At present, the profit of the coking plant is relatively good, and the operating rate is generally at a high level, which to a certain extent reflects the good performance of downstream demand. In addition, the continuous decline in port coal inventory also supports coal prices. On the whole, if there is no sudden change in the macro fundamentals in the fourth quarter, downstream demand is expected to maintain a good momentum, which will further promote the continued strength of coking coal.
High profits for coking companies
According to my survey on Iron and Steel.com, as of September 18, the average profit of 30 independent coking companies across the country was 314 yuan/ton, and the profit in the same period last year was 75 yuan/ton, which is 34% higher than the average profit of the sample coking companies in the past three years. The coke capacity utilization rate of 230 independent coking companies nationwide was 77.57%, which was 2.23% higher than the previous year and 2.07% higher than the average. The overall profits of coking companies are at a relatively high level, the production enthusiasm is high, and the demand for coking coal is good.

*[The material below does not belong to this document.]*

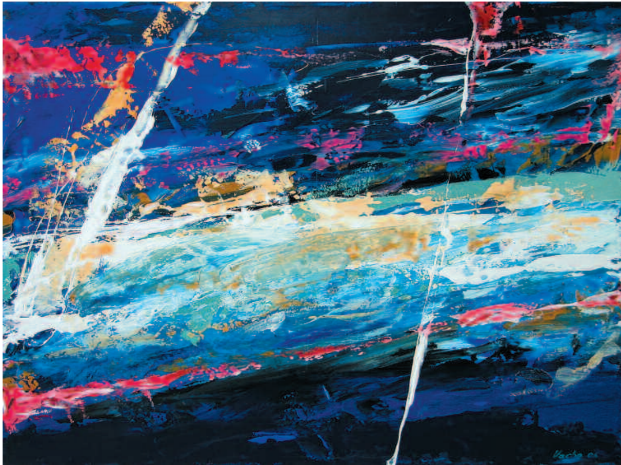
Composition, 2006 Композиция. 2006

Data shows that from September to November, the new coke production capacity was 15.48 million tons, the coke production capacity was 7.32 million tons, the net increase was 8.16 million tons, and the coking coal demand increased by 10.61 million tons. In December, 22.14 million tons of coke production capacity was net eliminated. It is estimated that the eliminated production capacity will be concentrated in the second half of December, and the impact of coking coal 2101 contract demand will be limited.

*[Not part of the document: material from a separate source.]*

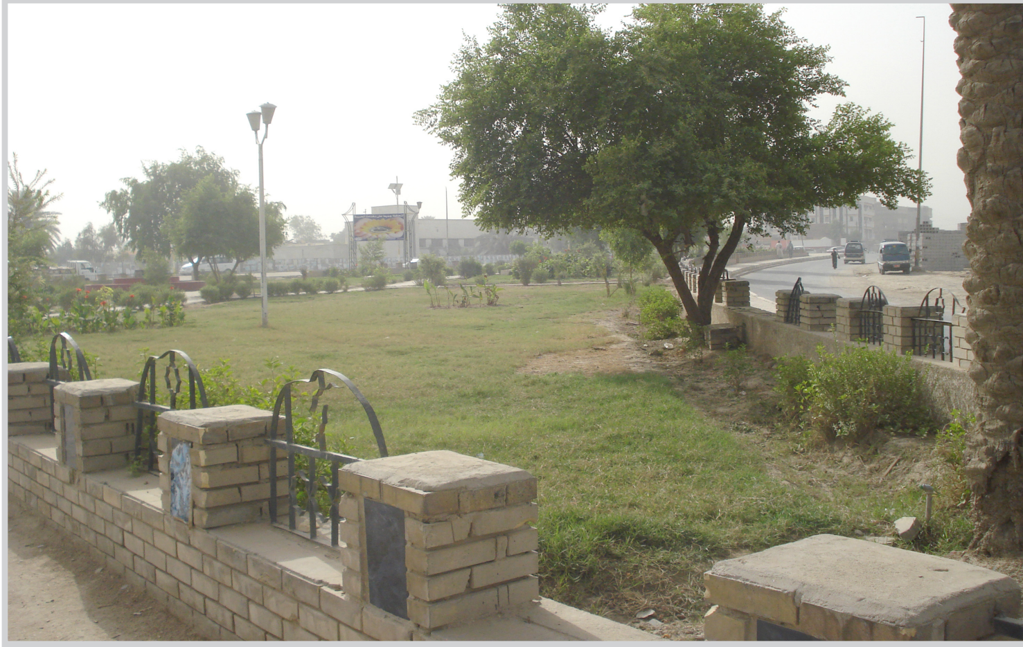
ما يستحق الأشادة..

أعرب مواطنون من سكنة البلديات عن أملهم، بأن يقوم المجلس البلدي، والأمانة بأعمال أكبر وأوسع في المنطقة، لاسيما ان فصل الشتاء على الأبواب، والمنطقة فيها أحياء منخفضة تملئ بالياه عند سقوط الأمطار ما يؤدي الى عرقلة الحياة فيها، معبرين عن شكرهم لما تقوم به الأمانة من حملات لأكساء شارع البلديات الرئيس، وشارع المصرف، وحملة الأمانة لتقوية مياه الشرب.

Exhausted quota for imported coking coal
Our country adopts a quota system for seaborne coal imports. Coking coal importers are mainly steel mills and large coking plants, and traders are relatively limited in trade volume. Generally, enterprises with import quota application qualifications apply for quotas for the next year at the end of the year, and the final quotas allocated to the enterprise depend on the completion of the quotas in the previous year and the actual demand in the next year. From January to July, due to the sharp decline in global pig iron production except China, and the decline in coking coal demand, the price of Australian coking coal is much lower than that of domestic coal, and the import profit is relatively large. Steel mills and traders are more enthusiastic to buy Australian coking coal. Importing Australian coking coal year-on-year Increase by 55%. Many end-users have used up their quotas for importing coking coal, and it is expected that imports of Australian coking coal resources will drop significantly in the fourth quarter. Mongolian coal imports are mainly transported by road and rail, and are not subject to import quotas. However, even if imports of Mongolian coal increase in the fourth quarter, considering that my country’s Australian coking coal imports account for 63%, it is difficult for the increase in Mongolian coal to offset the reduction of Australian coal. Imported coal resources will tighten overall in the fourth quarter.
Seasonal winter storage brings support
The coal resources in the north of my country are abundant, while the coal resources in the south are relatively scarce. Therefore, the coal market in my country presents the characteristics of coal transportation from north to south. Cold weather will inevitably affect coal mining, which will lead to a tightening of coal supply, and cold weather will also affect coal transportation. Therefore, steel plants and coking plants in my country generally store coal in the fourth quarter of winter. The coking coal inventory of steel mills and coking plants is at a relatively high level this year, but there is still a certain distance from historical highs. In the fourth quarter, steel mills are expected to adopt certain winter storage behaviors to ensure production and prevent transportation risks. The contract price of coking coal 2101 Form support.
As of September 18, the four major ports imported coking coal inventory of 3.89 million tons, a year-on-year decrease of 40.1%. Port coking coal inventory was significantly lower than the level of the same period last year, forming a strong support for prices.
Investment logic and operation strategy
The investment logic is mainly based on the following aspects: First, the net production capacity of coke from September to November this year was 8.16 million tons, and the consumption of coking coal will increase by 10.61 million tons. Second, the 2101 contract of coking coal for winter storage of coal forms support. Third, the quota for imported coking coal has been exhausted. In the fourth quarter, the import of Australian coking coal resources is tight, and the proportion of imported Australian coal is large. It is difficult for the increase of Mongolian coal to offset the decline of Australian coal. Fourth, the continued decline in port coal inventory has supported coal prices.